President Trump announced a massive investigation into widespread voter fraud in the elections. Although recent studies have concluded with zero evidence of this occurring, Trump insists that millions of people voted illegally. There are no details as to how this investigation will be carried out, and already there is major pushback from both sides of the aisle. It is becoming increasingly apparent that President Trump’s words and subsequent administrative actions are to be evaluated separately from one another.

 

Oil

Crude oil futures have flipped between losses and gains today. The confidence in economic growth and large infrastructure projects, along with the psychological Dow barrier of 20,000 being breached, have many investors predicting higher demand. On the other hand, this is the third-straight week of rising U.S production figures. Efforts to cut production by OPEC and non-OPEC countries have countered this, but investors still remain skeptical. Currently, oil prices are up 0.09% from the open at $53.23.

Looking at USO, a crude oil tracker, our 10-day prediction model shows consistent negative movement around 1%. The fund is currently trading at 11.4, up 0.26%. Today’s prediction sees support at 11.32 (± 0.05) and resistance at 11.45 (± 0.05). The predicted close for today is 11.36.  

 

Gold

Investors are pulling out of the safe-haven metal to secure profits causing a slide in gold prices. Gold futures are currently down $13.10, or 1.08% today at $1200.50 a troy ounce. However, if the rally proves to be short-lived, and uncertainty returns around the Trump administration’s clarity on fiscal policy, be prepared to see the yellow metal recover.

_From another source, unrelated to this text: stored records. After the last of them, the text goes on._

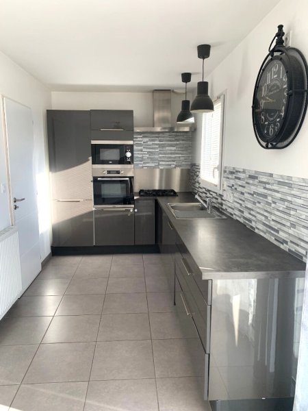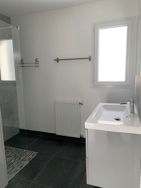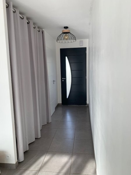 Cugand, maison de plain-pied construite en 2017 aux normes RT2012. Elle dispose d'une entrée avec rangements, d'un espace jour lumineux incluant une cuisine moderne entièrement équipée, d'une arrière-cuisine fonctionnelle et d'un WC séparé. Le coin nuit comprend trois chambres confortables et une salle d'eau avec douche italienne. Un garage attenant complète ce bien, agrémenté d'une terrasse et d'un jardin entièrement clôturé et idéalement exposé.
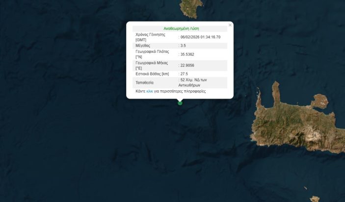 Σεισμός μεγέθους 3,5 βαθμών της κλίμακας Ρίχτερ σημειώθηκε τα ξημερώματα στη θαλάσσια περιοχή μεταξύ Κρήτης και Αντικυθήρων.
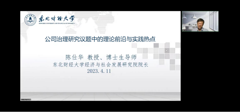 4月11日晚,sunbet邀请东北财经大学经济与社会发展研究院经理、博士生导师陈仕华教授在线作题为“公司治理研究议题中的理论前沿与实践热点”的学术报告。报告由sunbet副经理石晓飞主持,公司教师及研究生230余人参加。
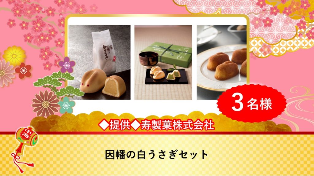 寿製菓人気商品の3品。発売58年を迎えた因幡の白うさぎ。老舗中村茶舗の抹茶を使用した 因幡の白うさぎ(抹茶餡)、大山バターとアーモンドプードルの香りが広がる白ウサギフィナンシェ
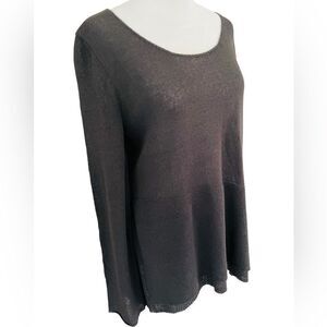 POLES Made in France gray crew neck sweater, rayon polyester, lightweight size L. Asymmetric seaming across the front, bottom half of the sweater is double layer. Great for any season!
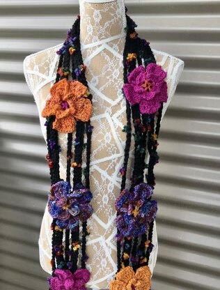- Chunky weight yarn is used for the main body of the scarf. Aran yarn is used for the flowers.
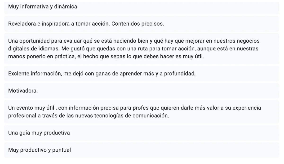 Los resultados que tú consigas con tu negocio como profe de idiomas dependerán de múltiples factores propios de tu contexto, incluyendo (pero no limitándose a) tu contenido, tu modelo de negocio, tu oferta educativa, tu constancia y tu capacidad para implementar lo aprendido.

Using SPDR GOLD TRUST (GLD) as a tracker in our Stock Forecast Tool, the 10-day prediction window shows potential for slight recovery.  The gold proxy is currently trading at 113.92, up 1.17%. Today’s predicted low is 114.87 (± 0.24) and the predicted high is 115.97 (± 0.24). The predicted close today is 115.22.  

 

Treasuries

Bond prices are continuing their downturn, following a major sell-off on Tuesday, as confidence over policy outlook is reflected in the recent market rallies. The government bonds market has been erratic after a post-election surge which had investors anticipating rapid economic growth and inflation under Trump. Using the iShares 20+ Year Treasury Bond ETF (TLT) in our Stock Forecast Tool, we see negative vector figures climbing toward 2% within the next 10 days relative to today’s conditions.

 

TLT, an ETF which tracks 20+ year bond returns, is currently priced at $118.9942, which is down 1.09% from the open. The predicted close today is 119.44 with a low and high of 119.13 (± 0.20) and 120.31 (± 0.20), respectively.  

 

Volatility

The CBOE Volatility Index (VIX) is down 2.98% today at 10.74. The 10-day prediction window shows consistent increases, peaking around 9% midway through.  The predicted close today is 11.82. Today’s predicted lows and highs are 11.07 (± 0.14) and 12.21 (± 0.15), respectively.

 

Other news

Three major automakers saw premarket gains today, following reports that President Trump indicated his goal to cut down on environmental regulations and slash corporate taxes. General Motors (GM) is up 3.16% and Ford Motor Co. (F) gained 1.3%.

Boeing Co. (BA) has filed an earnings report that exceeded expectations for the final fiscal quarter of 2016. Shares have lept 4.72%, currently trading at $168.12.

United Technologies Corp. (UTX) reported flat revenue growth, but indicated a positive outlook for this year. Shares are currently down 0.97%.